Всё, что я хочу сказать, это что такие действия обычно нельзя предпринимать для разрешения конфликтов и поддержания общественного порядка, за исключением случаев, когда одна сторона уничтожает другую, или обе стороны просто устают от этого, как в случае Хаттфилдов и Маккоев. Наследственная вражда окружена определённым романтическим ореолом в моих глазах, может быть потому, что я давно ищу группу, которая поддержала бы меня. Никогда ни одной такой не было. Судя по всему, кровная месть и наследственная вражда не имеют широкого распространения в современных обществах, потому что у нас обычно нет за спиной орды родственников (их всего лишь несколько человек) или сплочённых групп, к которым можно обратиться за поддержкой.

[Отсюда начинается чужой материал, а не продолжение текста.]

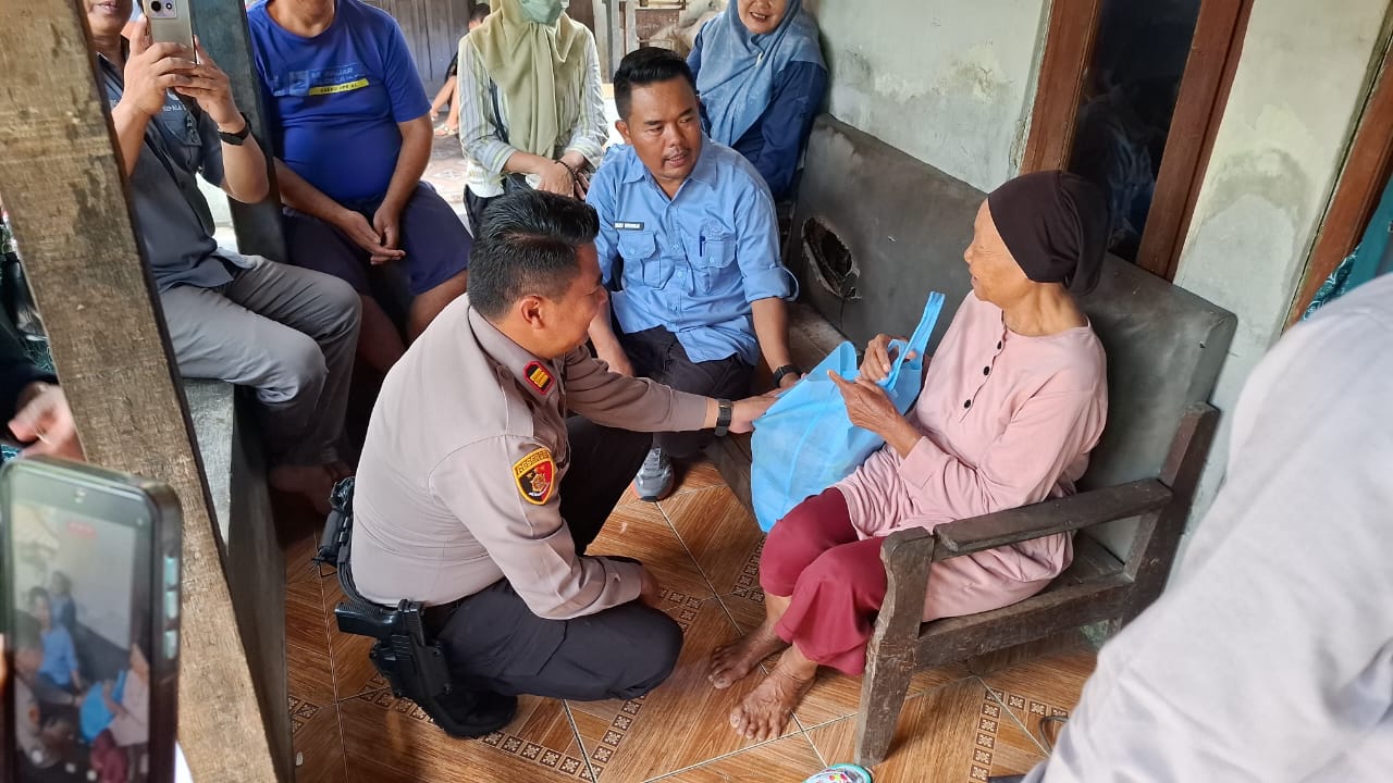 Kapolsek Jatiwangi Polres Majalengka AKP Rudy Djunardi bersama Forkopincam Jatiwangi memberikan bantuan ke warga Lansia di Desa Ciborelang dan Desa Cicadas Kecamatan Jatiwangi Kabupaten Majalengka, Selasa (2/12/2025).

Риски и издержки криминальной самозащиты
Говоря всё это, я не утверждаю, что преступление, определяемое как самозащитное урегулирование конфликта, или как социальный контроль, всегда, или даже в большинстве случаев, является хорошей идеей. Здесь есть место рискам и издержкам. Всегда есть риск того, что жертва, если она знает или подозревает вас, по возможности отомстит. Существует дополнительный риск быть арестованным, как ясно отметил Фрэнсис Бэкон: «Наиболее терпимо отмщение тех обид, кои по закону невозместимы; но тогда и отмщение надлежит избрать по закону ненаказуемое; иначе враг твой снова восторжествует, а ты пострадаешь дважды»47.
Я объяснил, что риск ниже, если в преступлении замешаны знакомцы, особенно если они люди низкого статуса. Тогда гораздо меньше шансов, что полиция произведёт арест. Но Институту Вера нечего было бы исследовать, если бы нью-йоркские полицейские не арестовывали в год десятки тысяч подозреваемых, которые имели предшествующие отношения с жертвой своего преступления. В этих случаях, если вы арестованы, преданы суду и осуждены, можно рассчитывать на относительно мягкий приговор. Но никто не любит, когда его арестовывают, привлекают к ответственности, признают виновным и осуждают, даже если это мягкий приговор.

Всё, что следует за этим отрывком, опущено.